Fifth, increase the risk of bankruptcy of local economy and traditional industries, increase risk of competitive inequality.
Status of labor disputes in the FDI sector is inevitable, especially in the time of starting a new business activity, or in the certain time when business activity has met difficulty. Some employers pay for workers in the minimum salary, require overtime working, the salary is not enough to reproduce labor power, arising conflicts between employers and employees, leading to strikes, strike or production stagnation.
Sixth, it is losing more jobs from the traditional manufacturing industries and being not properly respected to training for employees:
The foreign investors have created many jobs for the host country, especially for developing countries like Vietnam, where have the young population and abundant labor source; the creation of work to workers with a stable income is extremely important. In fact, FDI has created million workers directly and indirectly in recent years. Besides, FDI activity has also caused much loss of the agricultural land, leading the loss of many jobs in the traditional sectors. With goal of maximizing profits and minimizing costs, foreign investors still favor exploitation and use
seasonally of cheap and less training labor bur pay less attention to the training and use of skilled manpower who can work for long time for investors.

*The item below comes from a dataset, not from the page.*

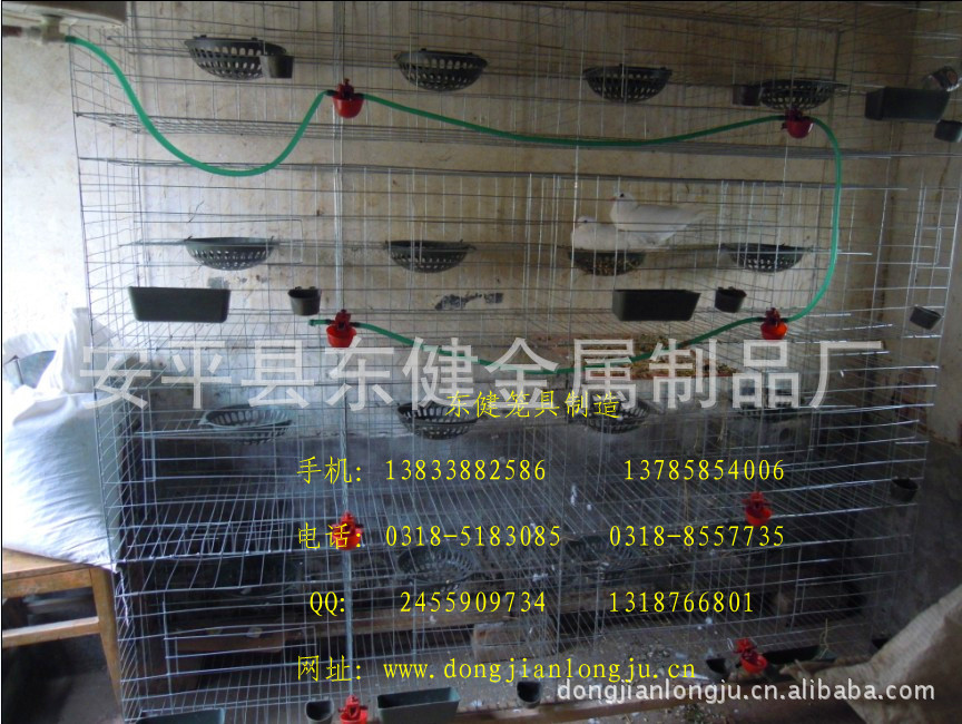 3.我厂主要生产经营养殖笼具及养殖用品:四门蛋鸡笼,五门蛋鸡笼,肉鸡笼,鸡用配件(饮水器、食槽、PVC水管、减压水箱、架子),三层鸽笼,四层鸽笼|新型四层鸽笼|四层肉鸽笼|四层鸽子笼|四层鸽笼厂家,鸽用配件(砂杯、食盒、蛋窝、自动饮水器、自动食槽,塑料水管、托粪板),九位铁丝底种兔笼(母兔笼),九位竹板底种兔笼(母兔笼),12位商品兔笼,12位铁丝底仔母兔笼,12位竹板底仔母兔笼,24位商品兔笼,兔用配件(水嘴、料盒、草架、托粪板),运输笼具。
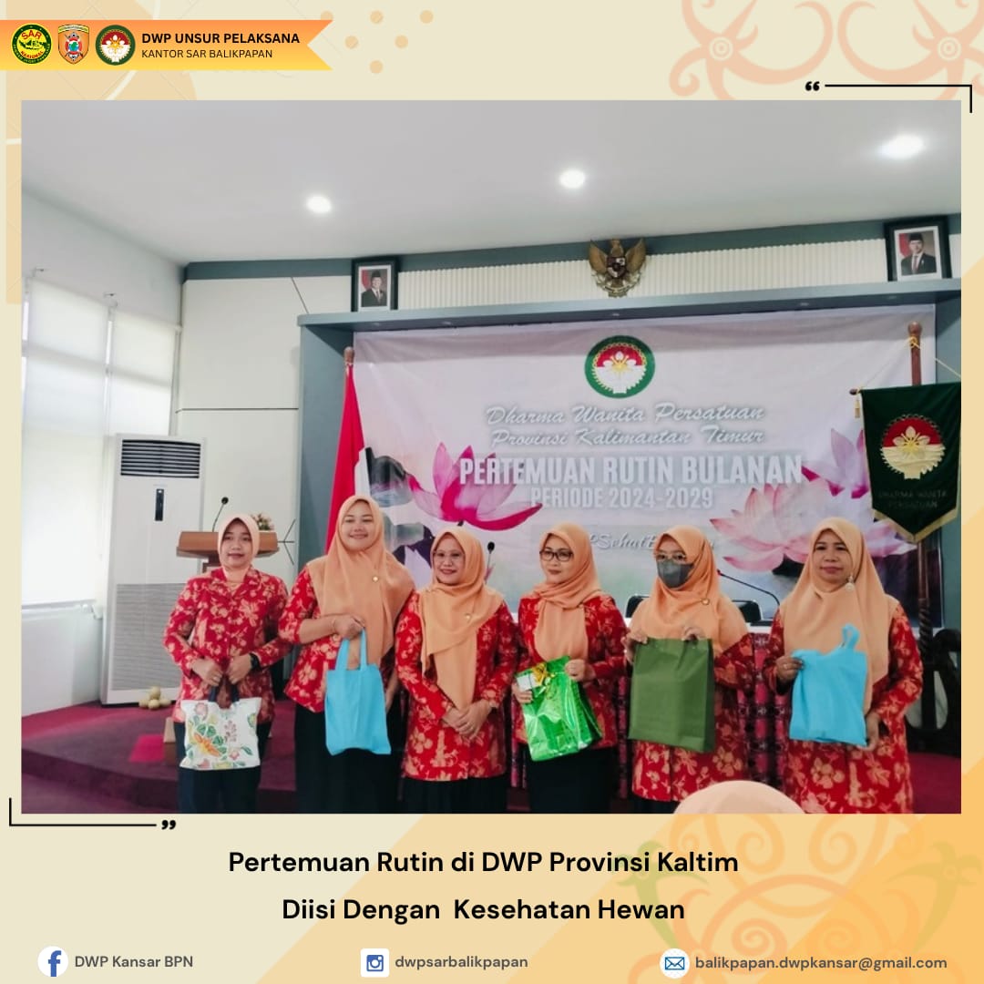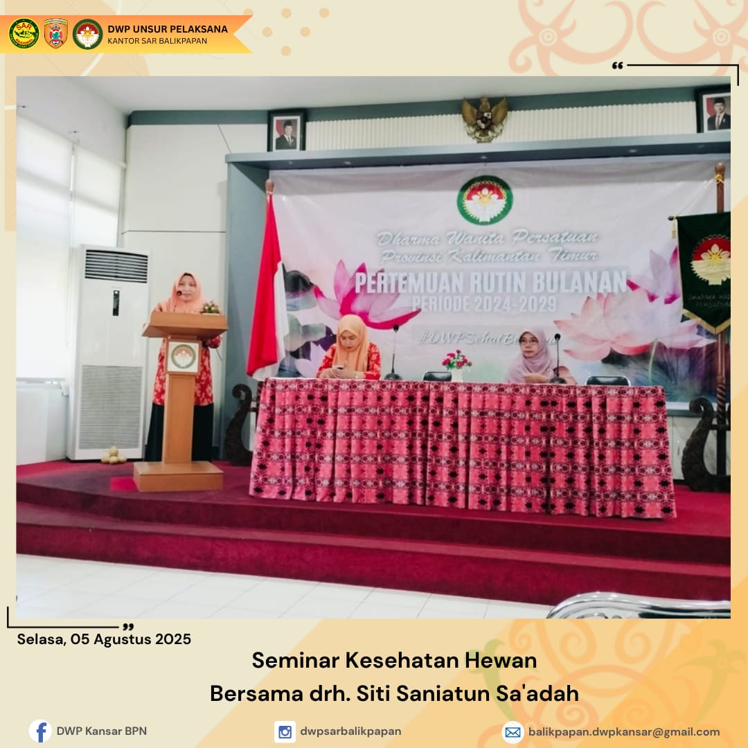 Selasa, 5 Agustus 2025, Dharma Wanita Persatuan Unsur Pelaksana Kantor Pencarian dan Pertolongan Balikpapan yang diwakili oleh Ibu Dakka Sumarno dari DWP Pos SAR Samarinda turut serta dalam kegiatan pertemuan rutin yang diselenggarakan oleh DWP Provinsi Kalimantan Timur. Pertemuan ini diisi dengan Seminar Kesehatan Hewan dengan tema "Kenali dan Waspadai Penyakit Zoonosis di Lingkungan Kita". Seminar ini menghadirkan Narasumber yang kompeten, drh. Siti Saniatun Sa'adah, yang memberikan pengetahuan dan wawasan yang berharga tentang penyakit zoonosis dan cara pencegahannya. Melalui kegiatan ini, diharapkan para anggota DWP dapat meningkatkan kesadaran dan pengetahuan tentang pentingnya kesehatan hewan dan keselamatan lingkungan, serta dapat mengambil langkah-langkah preventif untuk melindungi diri dan keluarga dari penyakit zoonosis.

Seventh, negatve impact on the environment and natural resource over- exploitation:
It can be said one of the most negative effects of FDI on host countries is the impact on the environment. Especially, the situation of "pollution export" from developed countries to developing countries through increased FDI. The developing countries are in danger of becoming the country having high "imported" pollution, most of China, India, Vietnam…
Eighth, it is the risk of money laundering:
FDI can be a convenient channel for money laundering organizations. The illegal organizations can conduct investments abroad in the form of 100% foreign capital, which not to act any legal business, but legalized the illegal payments. In particular, in the country which has weak inspection, monitoring, accounting and customer underdeveloped leaning systems, the use of unofficial cash and its flows are high.